WREG.com

Crime Scene Photos Raise Doubt in Police Shooting

(Memphis) Police say he was drunk, throwing-up gang signs and pointed a gun at them, but nine months after two Memphis police officers shot and killed Steven Askew his family claims investigators are hiding the truth.

The family says new evidence may prove their point.

It’s not easy to forget when it’s your brother or your friend.

“It’s just hard man,” said Sterling Askew

“We went to middle school together, high school together,” said Porsha Martin.

Martin says she played the clarinet, while Steven Askew played the trombone in the Woodale High School Band.

Years later, she’s here without him, “I want justice. I want them to be behind bars like all other criminals that kill people for no reason.”

Problem is the two men who killed Askew are Memphis police officers and the district attorney decided there’s not enough evidence to prosecute them.

Police say Askew pointed a gun at them.

Others argue crime scene evidence makes that theory impossible.

“His right hand was occupied and not with a weapon,” said Askew Family Attorney Howard Manis.

News Channel 3 requested the 911 calls, police dispatch recordings and crime scene photos to find out more about what happened January 17th.

“Delta. Loud music call,” said the dispatcher.

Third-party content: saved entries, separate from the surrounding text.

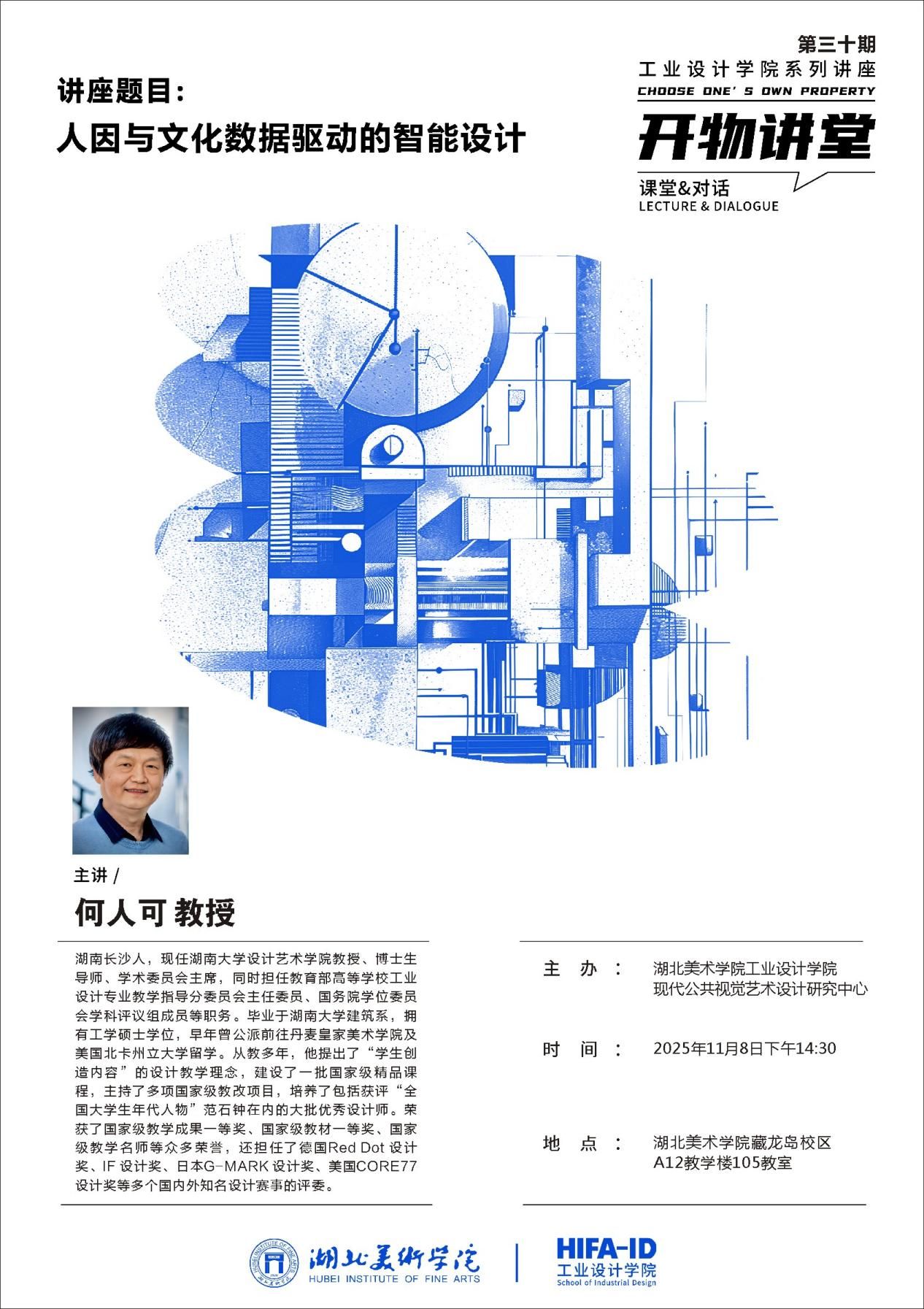 11月8日下午,在A12教学楼105报告厅,必威唯一官方网站邀请湖南大学设计艺术学院何人可教授为学院师生带来“开物讲堂”第三十期《人因与文化数据驱动的智能设计》专题讲座。东风汽车集团奕派汽车科技公司专家郑素霖、学院教师代表及学生参加了本次活动,本场讲座由必威betway中文官网党委常委、副校长程智力主持。
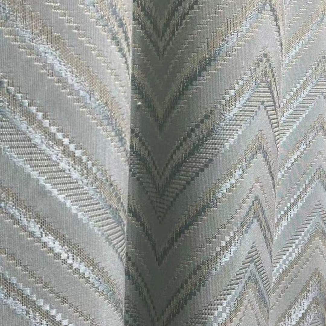 Elevate your space with our Chic Chevron Shimmer drapes. These duck egg blue jacquard curtains feature a bold geometric chevron pattern woven with subtle, light-catching threads. The unique shimmer detail creates a dynamic effect, transforming from a serene matte blue to a radiant glow as the day's light shifts. Perfectly suited for contemporary homes looking for a touch of modern glamour.
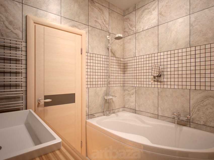 Чтобы освободить участок для ванны можно перевести проем двери. Можно установить душевую кабину, позволяющую сэкономить метры. Свободное пространство стоит заполнить шкафчиком открытого или закрытого типа. Слишком много мебели устанавливать не стоит.
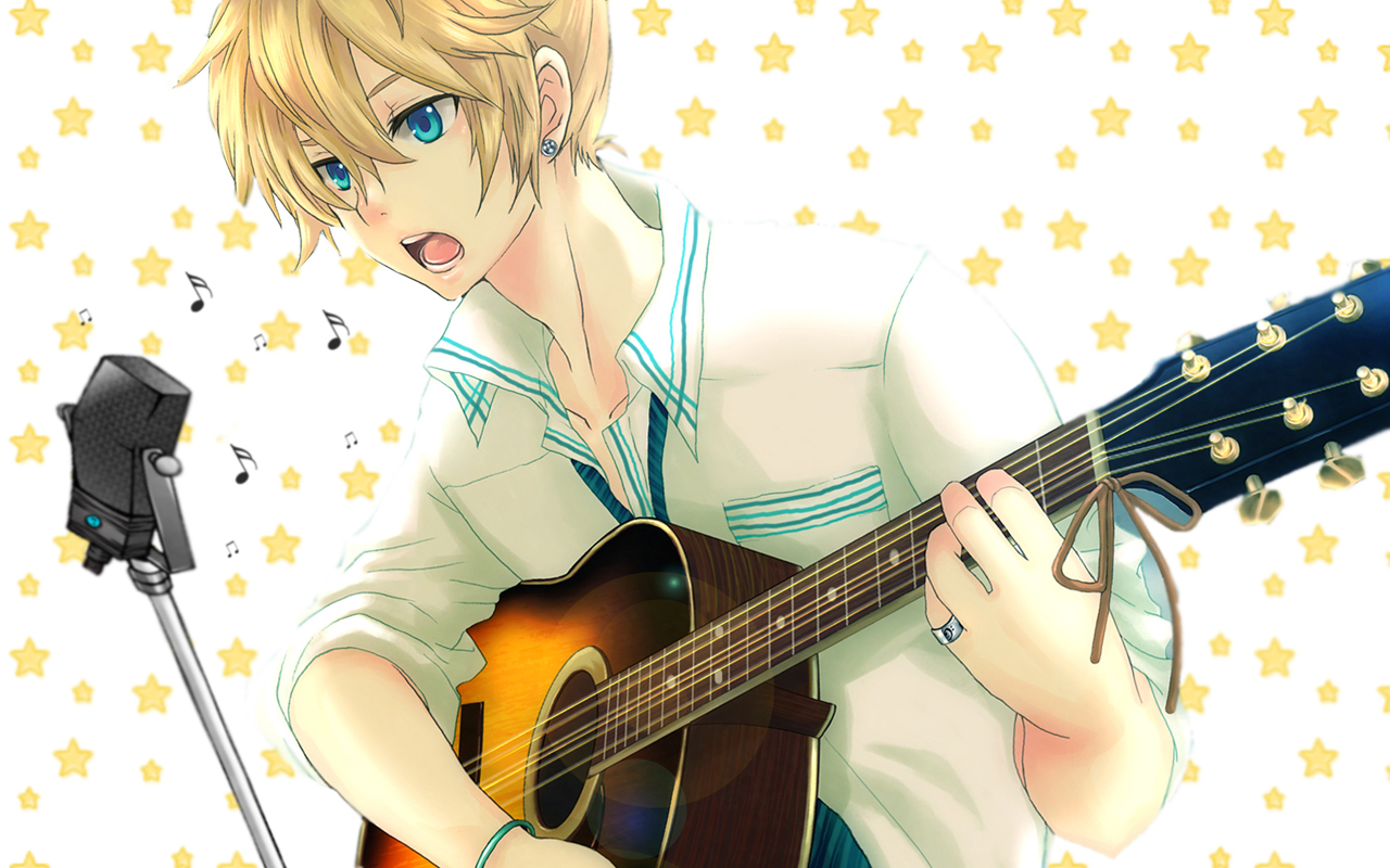 Description: A boy with blonde hair playing a guitar and singing into a microphone with a microphone stand nearby and a microphone.
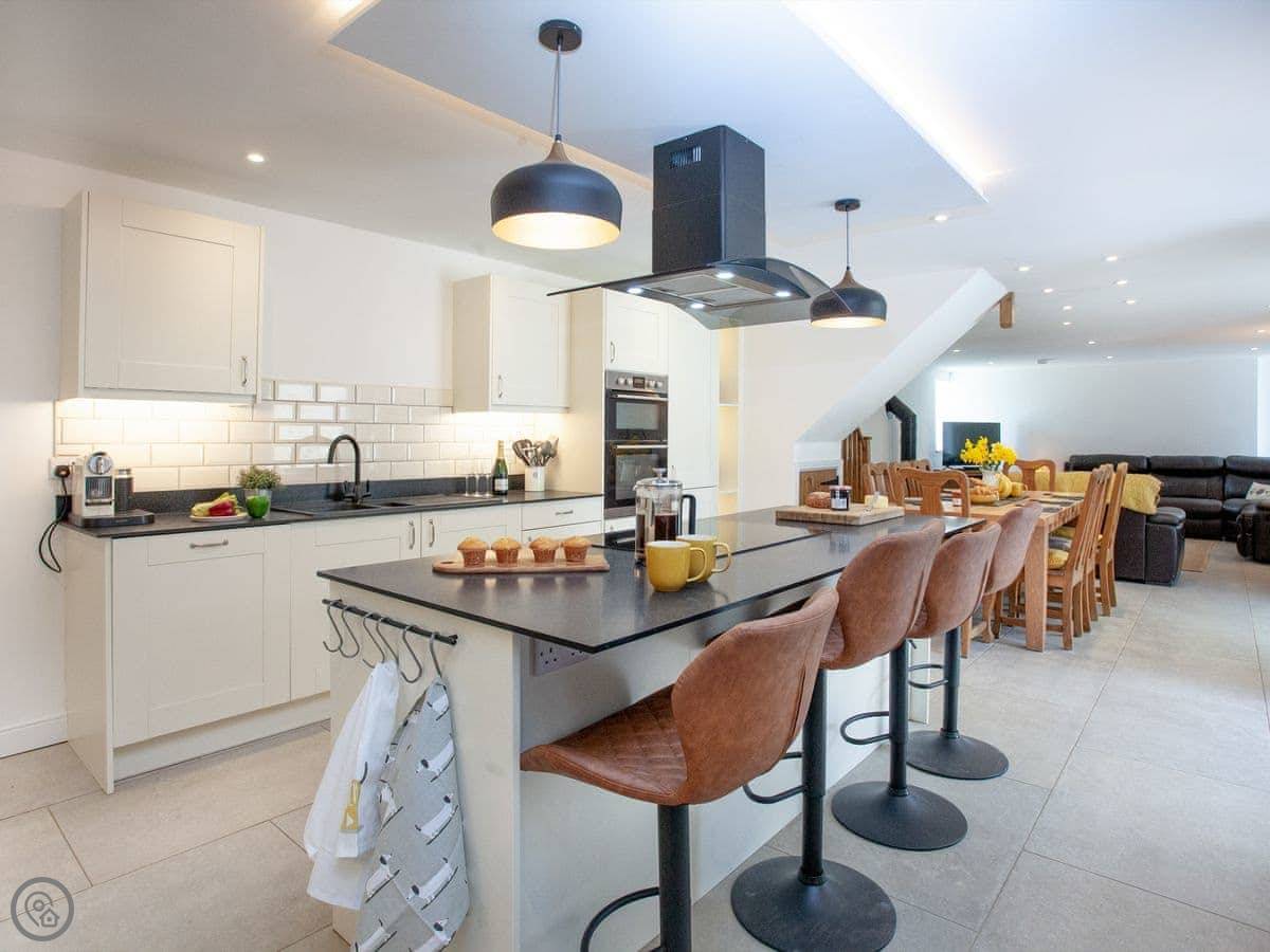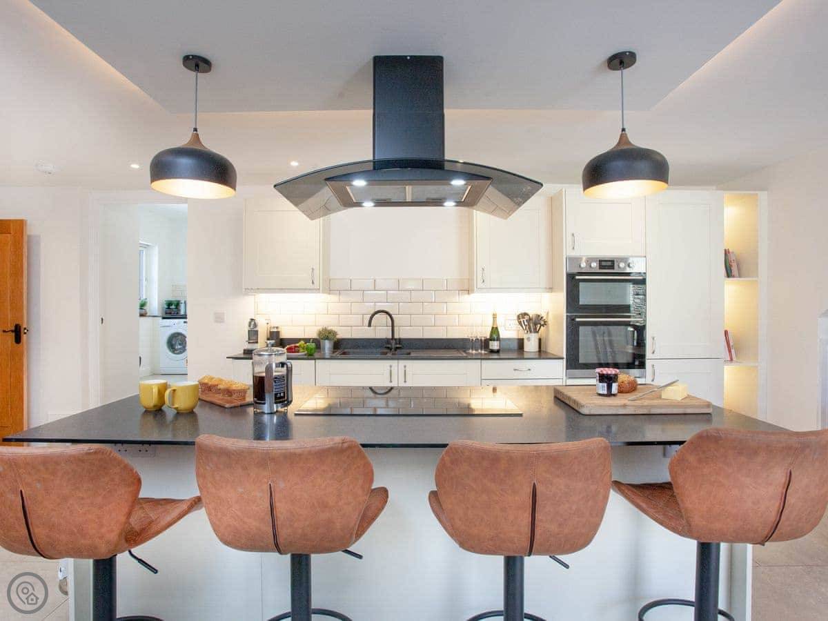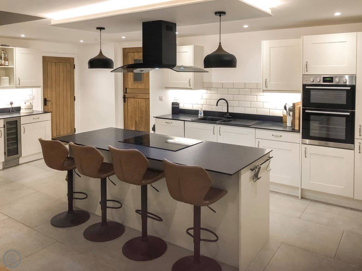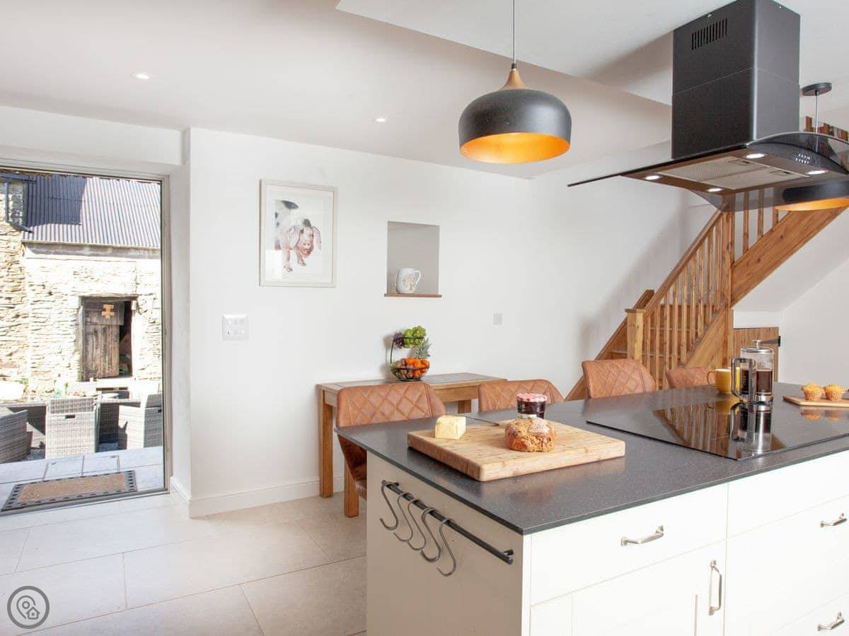 There's a woodburning stove for cooler nights. The kitchen is big, with an island and an induction hob. It's a good space for people to gather while someone's cooking.

It started with a phone call.

“There`s lots of music playing,” said the female 911 caller.

A woman called police about loud music coming from an apartment on Tyrol Court.

“It’s coming from upstairs,” she said.

Officers Ned Aufdenkamp and Matthew Dyess responded to the complaint.

Afterwards they went to the complex next door, The Windsor Place Apartments, and found Steven Askew in the parking lot asleep in his car.

They noticed a gun in his lap.

Officer Aufdenkamp called it in, “(Indecipherable) We are trying to check on someone who has a gun. Can you send another car over here please?”

Dispatch recordings obtained by News Channel 3 show only 15 seconds pass before Aufdenkamp reports back, “Fired ! Shots fired !”

Both officers emptied their guns, hitting Askew’s car 22 times and him 9 times.

Days later, the officers told investigators they shot Askew because he smirked, threw-up gang signs, reached for his gun and then pointed it at Officer Aufdenkamp.

“All of that would have had to take place in this window of time which appears to be less than 15 seconds,” said Manis.

In the internal investigation file, two women in the complex say they saw Askew put his hands-up when ordered by police.

In a crime scene photo you can see Askew died with a cigar in his right hand, “I think that was likely mistaken for something other than a cigar,” said Manis.

Manis says if Askew had a cigar in his hand, he probably didn’t point the gun.

“He had a cigar in his right hand and he is right-handed. It leaves room for doubt,” said Chris Fowler, a shooting instructor at Top Brass Sports, Inc. in Millington and a law enforcement officer in Mason, TN.

“I was his teacher,” he said.

Fowler knew Askew because the 24-year-old was a student in his hand gun permit class in February of 2012.

Askew had no criminal history and earned a permit to carry a gun.

Family members say he got the gun because he’d been robbed a few years earlier.

“I liked him,” said Fowler. “I thought he was great young man. He was very clean-cut, very polite, soft-spoken, certainly not a thug type of person at all.”

Fowler says Askew’s death is nothing less than tragic but as a police officer himself, he understands Aufdenkamp and Dyess’ experience, “You come up on a car, you look in and see a gun. Your adrenaline goes up 300 percent. You are trained to react to the gun. Him having a gun in his lap wasn’t a crime but as an officer, coming-up on that kind of situation, I see the gun and I am going to be very concerned about that weapon and I am going to draw my weapon and make sure I don’t get shot.

Askew’s family attorney believes the officers could have been better trained.

“They saw an African-American in the car with a weapon and they made some assumptions,” said Manis.

“I run into people every day that just found out my little brother died and I have to see them hurt like I was hurt the first day,” said Sterling.

As for Askew’s brother, who could almost be his twin, he says he’s not letting people forget that Steven will be missed.

“If we have to do it with three or four people, we will do it with three or four people,” he said, while his friend held up signs reading ‘He was our friend’.  “I more than owe it to him. More than owe it to him.”